OK, some misunderstandings ...
Your sister (the raging bitch) would not be committed, as no trained psychiatrist is going to sign the committment papers. You (the family) don’t get the final word. They don’t lock folks up on your say so. It is the careful consideration of doctors and judges.
My mother had committed no crime (only cuz they never caught her drinking and driving), but she was certainly a danger to herself and others. The shrinks concurred.
I don’t think we have enough facts yet to determine if your #2 is accurate or not.
Your fear of loners and the socially inept being locked up for no reason are unwarranted. It is VERY difficult to get someone committed against their will.
“Your fear of loners and the socially inept being locked up for no reason are unwarranted. It is VERY difficult to get someone committed against their will.”

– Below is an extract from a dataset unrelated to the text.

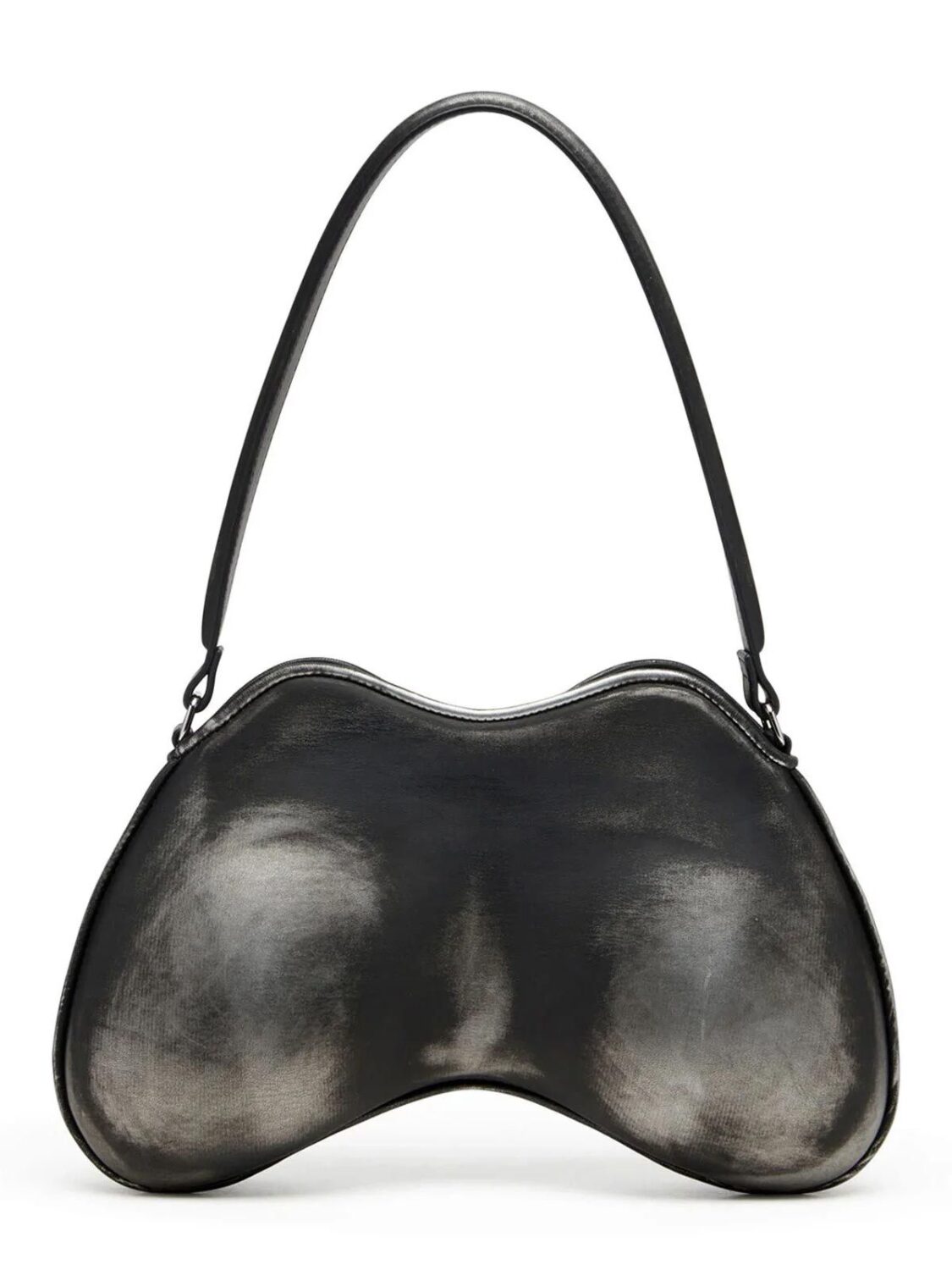- A three-dimensional take on the coveted Play, this new iteration of the iconic controller-shaped bag is cheekily dubbed the ‘Double D’. Provocative and suggestively buxom, it has a soft-touch rigid construction in ultra glossy pull-up : where the material is stretched over the roundness of the bag, it creates a dégradé fade, translating into an incredible depth of colour. The front panel is decorated with a metal Oval D rivet. The organic shape is ultra-comfortable to carry under the arm and has a fixed shoulder strap.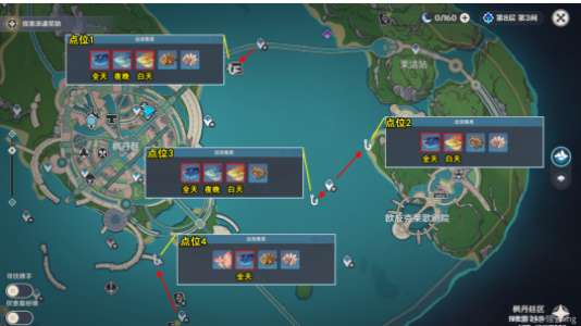 1、枫丹廷北部共四处钓鱼点,位置如下。

I understand that, but you have been implying that this needs to change. How would you change the mental health system to make it easy to commit someone against their will without tamping on their constitutional rights? People all over are saying we need more laws and mental health needs to change. My point is I’d rather be free than allow a liberal shrink and/or a liberal judge be given the authority to send someone to the nut hut for their opinion (subjective or objective) that that person may commit a crime.
I think you’ve misunderstood me, as I’ve not been suggesting that it should change to make it easier to commit someone against their will. I was responding to what I thought was your opinion that it’s already too easy.
As difficult and painful as it is, I’d have it no other way, frankly.
It was my job as a family member to “steal” mom’s car when it got too dangerous for her to drive (psychosis is not a good prescription for driving), and had she owned weapons, I’d have removed them as well. I didn’t need an external force to let me know what needed to be done, but in all honesty, we had to swim denial before we got to that point.
I guess we’re pretty much in agreement.